Just wanted to know if somebody was making that kind of money while living in Singapore, how well off would they be? Just a hair-brained figure to get an idea. Many thanks in advance for the help.


----------



## Singapore Saint

ausimmi said:


> Just wanted to know if somebody was making that kind of money while living in Singapore, how well off would they be? Just a hair-brained figure to get an idea. Many thanks in advance for the help.


Depends.. If you're single, you wouldn't have any issues at all, except for which type of champagne to buy with your meal, where to fly off to at the weekend and whether you really need that extra suit made...

If you have a family, you will still be fine... 

But the google search that you obviously did before posting told you that the average salary in Singapore is around $50k, so you knew that anyway... ;-)


----------



## simonsays

asussimi: 170K S$ ?? that is the kind of salary I am looking for ...

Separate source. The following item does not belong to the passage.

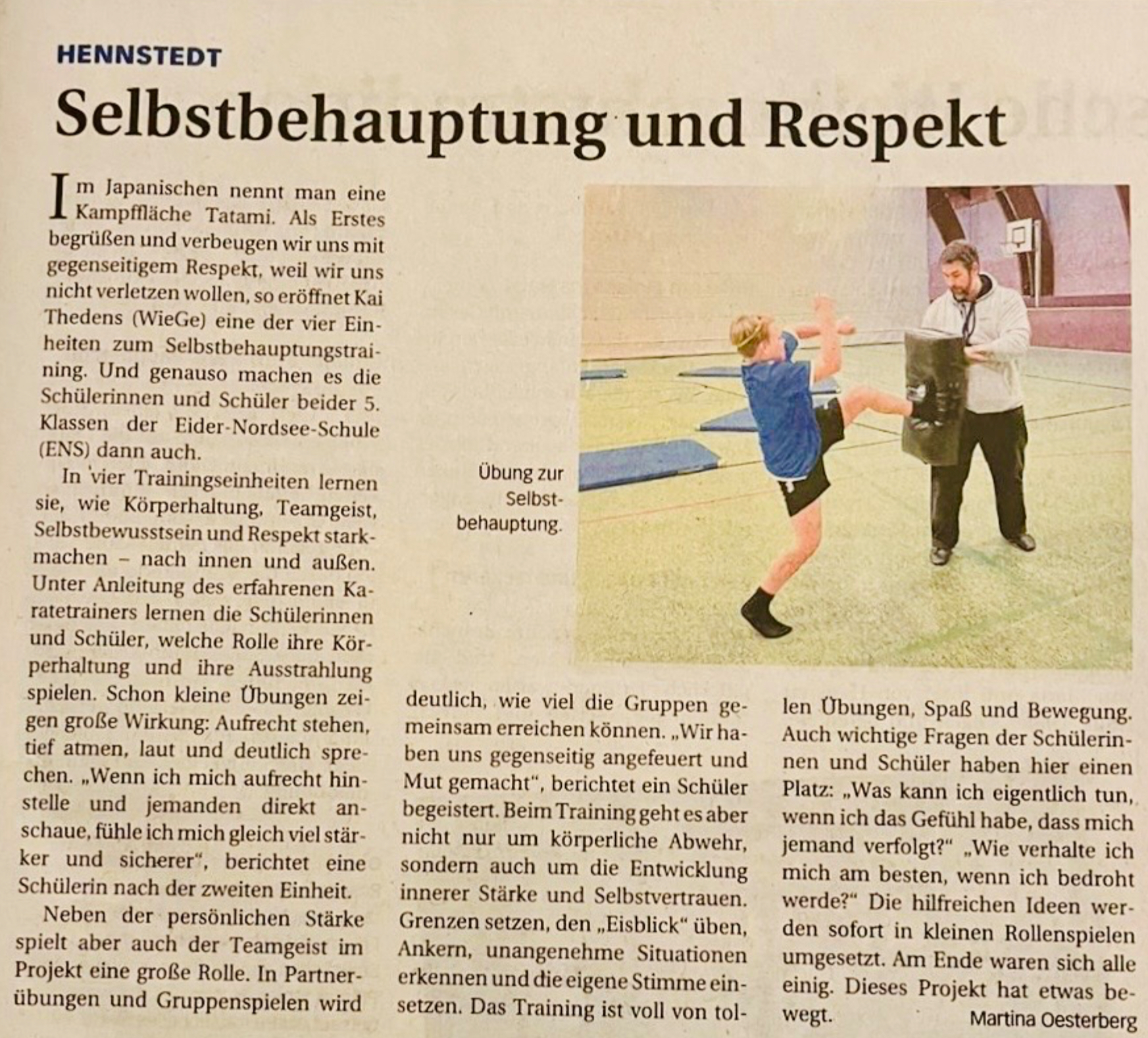 „Im Japanischen nennt man eine Kampffläche Tatami. Als Erstes begrüßen und verbeugen wir uns mit gegenseitigem Respekt, weil wir uns nicht verletzen wollen“, so eröffnet Kai Thedens (WieGe) eine der vier Einheiten zum Selbstbehauptungstraining. Und genauso machen es die Schülerinnen und Schüler beider 5. Klassen der Eider-Nordsee-Schule (ENS) dann auch.

While google states that average Salary is about 50K S$, the reality is, most mid class salary is about 70K to 80K S$ PA


----------



## bryann

Not a bad salary. But as has been noted above, it depends on how many you are, where you wish to live and your general lifestyle. Schools and accommodation will take the biggest chunks of your income.

That said, you should be fairly comfy on that amount.

If you have any specific questions, by all means let us know.


----------



## simonsays

fairly comfy ? I would say extremely comfy, unless you budget to save 100K and live on the balance ..


----------